Surtout, au-delà de ces réalisations et des qualités personnelles d'Obama, c'est l'image contrastée, presque insondable, de Romney, qui concentre ces derniers jours les commentaires sceptiques. Toute la carrière de Romney apparaît en effet comme une suite d'évolutions opportunistes, qui cadrent assez mal avec l'idée que beaucoup se font du président aux Etats-Unis. C'est d'abord un héritier, qui tente de faire mieux que le père (tant sur le plan des affaires que pour la politique, puisque George Romney fut un candidat malheureux à l'investiture républicaine en 1968), rien que de très normal là-dedans. Mais c'est aussi un libéral auto-proclamé en économie, qui a mis en place une réforme de l'assurance-maladie en tant que gouverneur du Massachusetts, parce qu'elle semblait pouvoir "marcher", réforme qui fut l'une des inspirations de la réforme... Obama. C'est un conservateur affirmé, qui a pu avancer à plusieurs reprises des positions ambiguës sur l'avortement ou le mariage homosexuel. C'est un homme lisse, qui s'entoure de "croisés" (Ryan comme vice-président potentiel), tout en multipliant les appels à l'électorat centriste en fin de campagne. Au final, personne ne sait vraiment quel président il ferait, ce qui profite à Obama, qui pourrait être réélu en dépit de la crise continue de l'économie et de réalisations jugées encore une fois décevantes (mais au regard d'anticipations naïves ou hallucinées, que Barack Obama avait d'ailleurs contribué à nourrir en 2008).

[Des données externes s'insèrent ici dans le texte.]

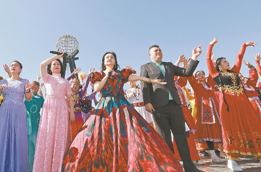 5月17日,演员在位于乌鲁木齐市沙依巴克区永丰镇的亚洲大陆地理中心标志塔景区跳起欢快的舞蹈,欢迎前来游玩的游客。
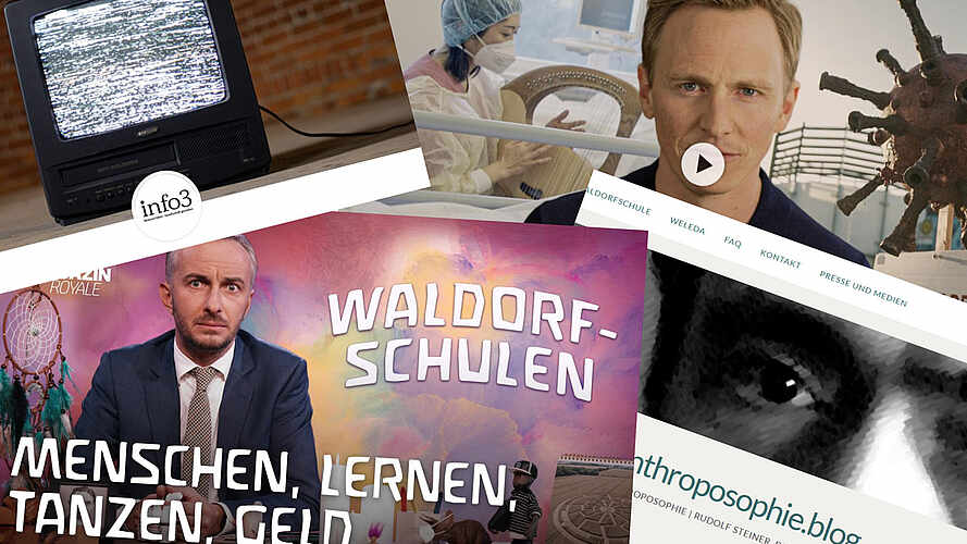 Collage von Screenshots verschiedener Medienbeiträge | Bild: S.Knust In den vergangenen Tagen erschien wieder eine Reihe kritischer Medien-Beiträge. Allen voran hat der bekannte Fernseh-Satiriker Jan Böhmermann in seinem Format „ZDF Magazin Royale“ die Anthroposophie und die Waldorfschulen am 18. November kritisiert. Die Zeitschrift Info3 durchleutete Netzwerke der Anthro-Kritiker und hat dabei spannende Erkenntnisse zutage gefördert. In der kleinen Presseschau wird eine Auswahl der in den letzten Tagen erschienen Veröffentlichung präsentiert.
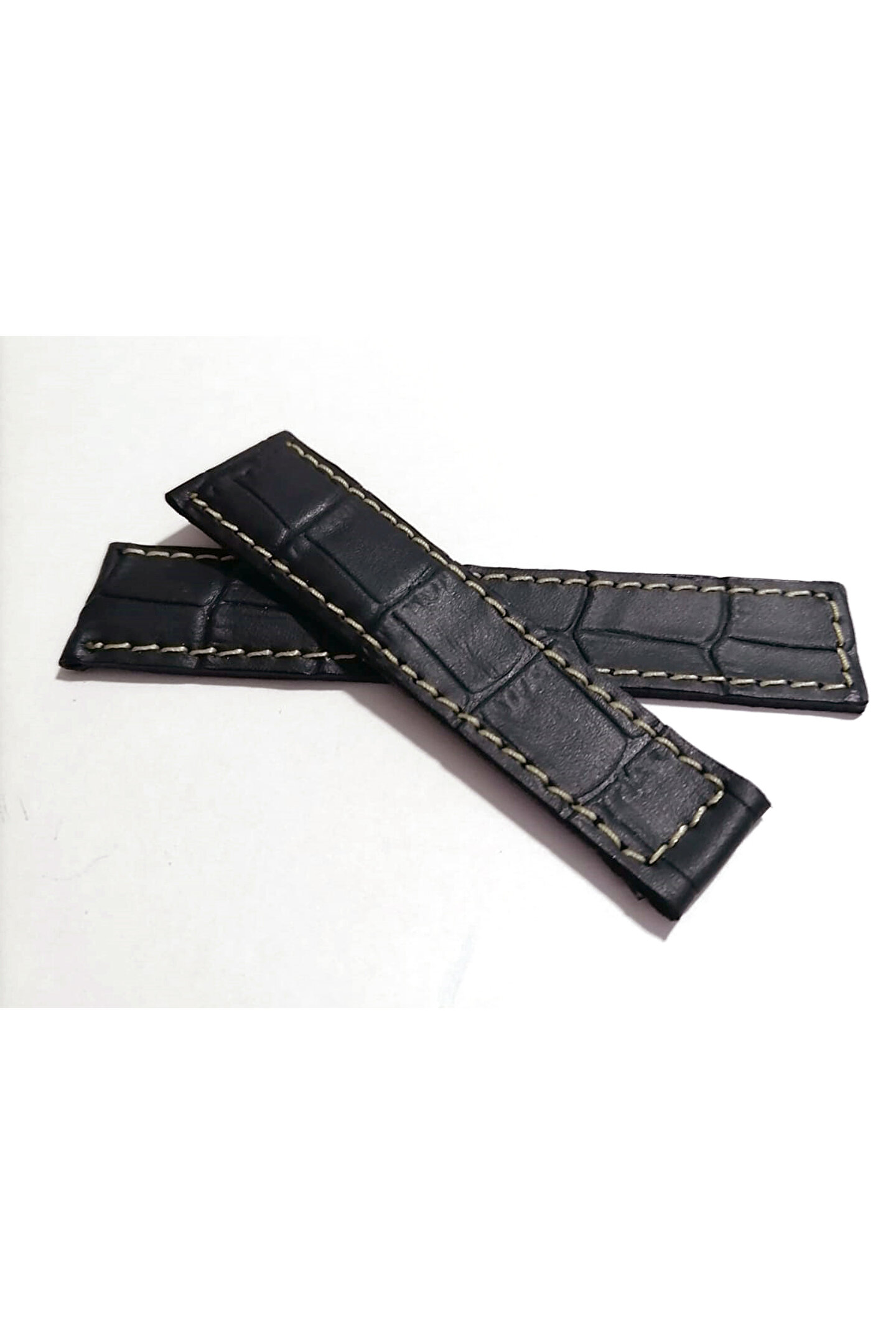 Tag-heuer Uyumlu 20-18 Beyaz Dikişli Siyah Hakiki dana derisi
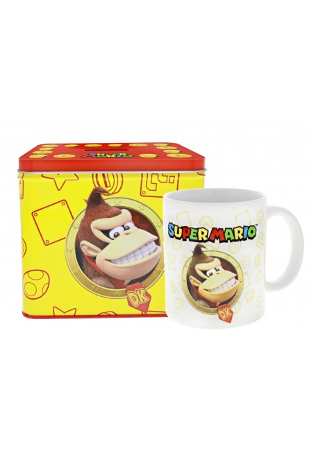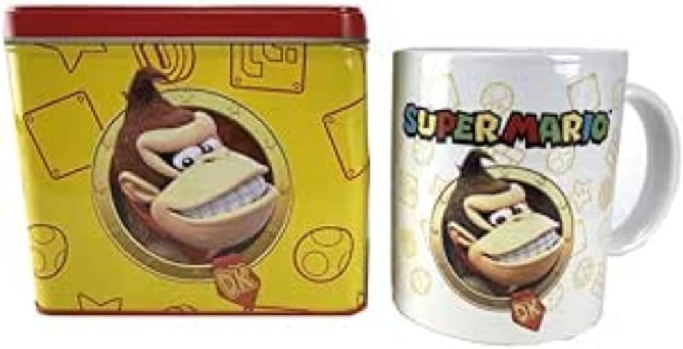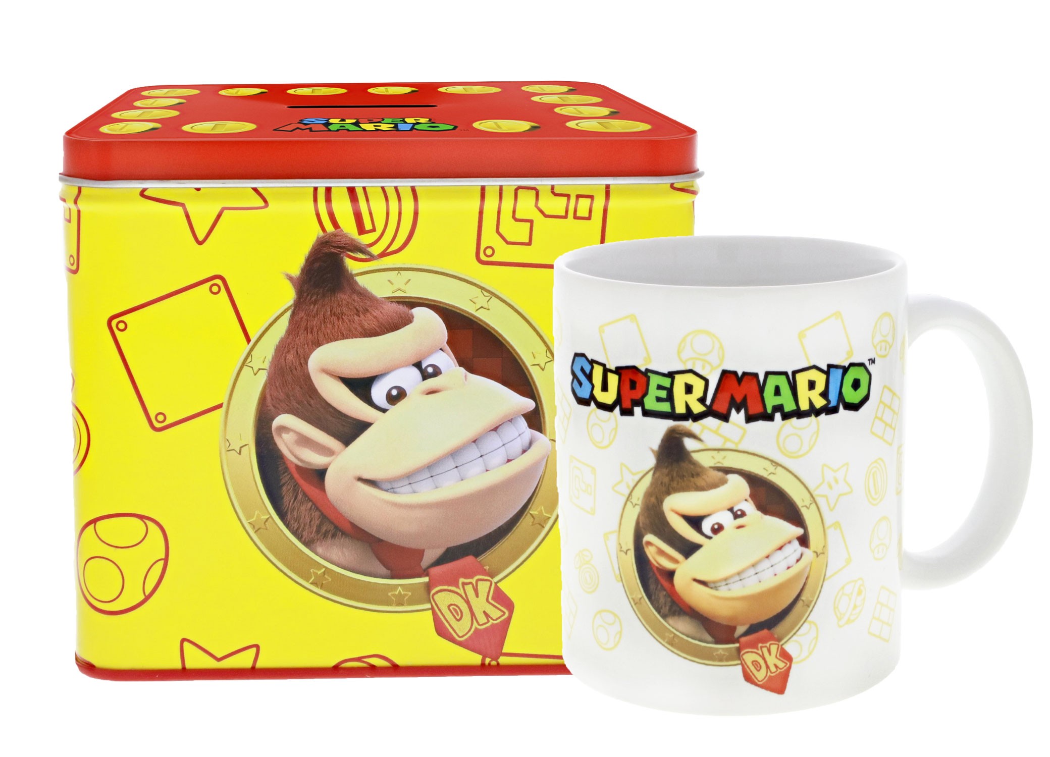 ¡Guarda tus tesoros y sacia tu sed con Donkey Kong! El gorila más saltimbanqui y divertido del vasto universo de Nintendo va a ser tu nuevo escudero y cuidador. Con su hucha metálica podrás guardar todas las monedas que Super Mario Bros vaya poniendo en tu camino, y con la taza de cerámica y 315 mls de capacidad, tu sed desaparecerá como por arte de magia. La taza es apta para lavavajillas, y la hucha viene con tapa.
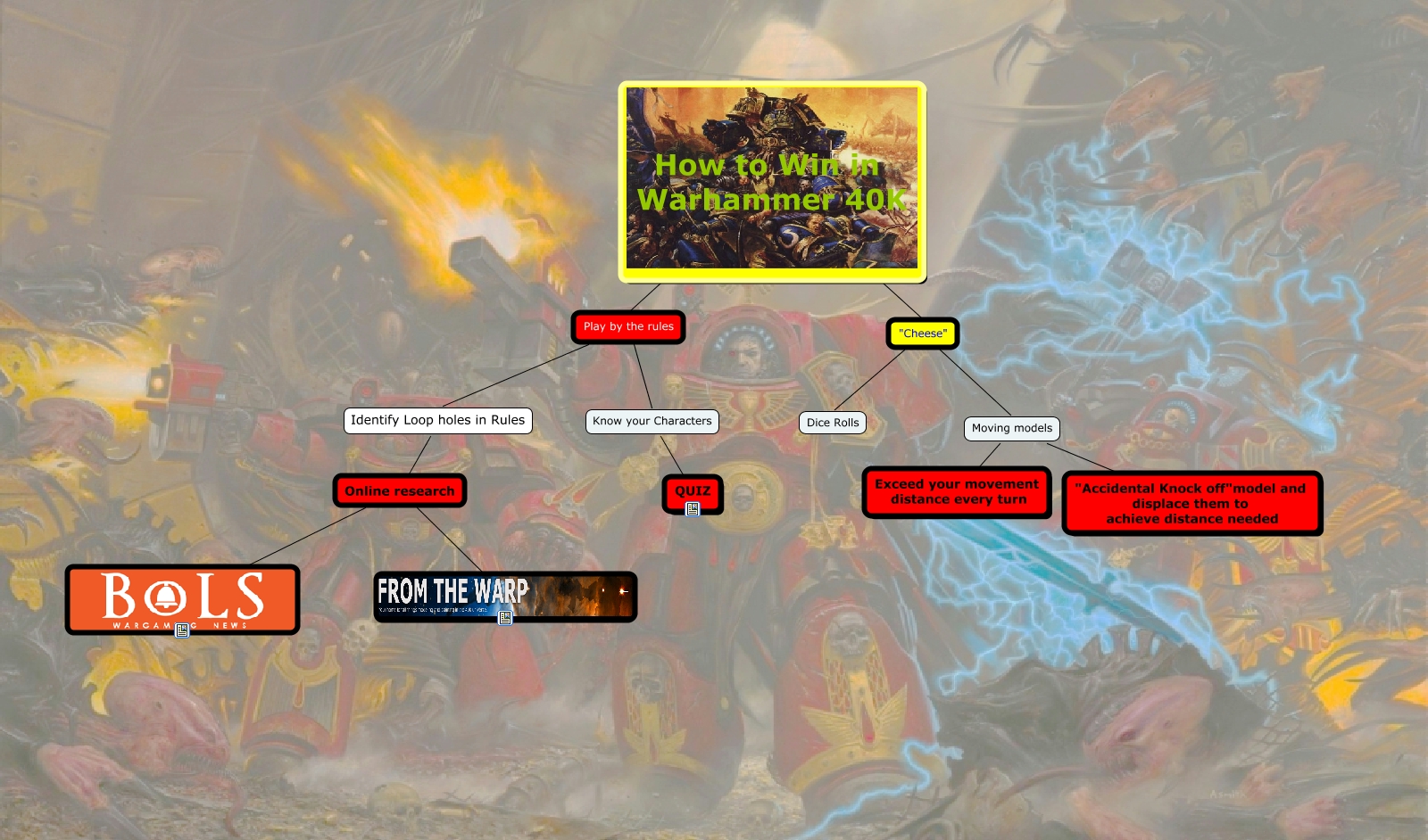 This Concept Map, created with IHMC CmapTools, has information related to: how to win in 40k, Play by the rules Identify Loop holes in Rules, "Cheese" Dice Rolls, Moving models "Accidental Knock off"model and displace them to achieve distance needed, Moving models Exceed your movement distance every turn, How to Win in Warhammer 40K Play by the rules, Play by the rules Know your Characters, Online research, How to Win in Warhammer 40K "Cheese", Know your Characters QUIZ, Online research, "Cheese" Moving models, Identify Loop holes in Rules Online research

En somme, au-delà de la prévision, je suis surtout d'accord avec l'édito du New York Times : "For these and many other reasons, we enthusiastically endorse President Barack Obama for a second term, and express the hope that his victory will be accompanied by a new Congress willing to work for policies that Americans need". Une majorité parlementaire et un nouveau mandat sans perspective de réélection offriraient en effet des conditions idéales à Obama pour entreprendre des politiques plus "risquées".
Réponse dans la nuit de mardi à mercredi, à moins que la Floride (ou un autre État) ne concentre à nouveau incertitudes et controverses sur le dépouillement des bulletins de vote comme en 2000.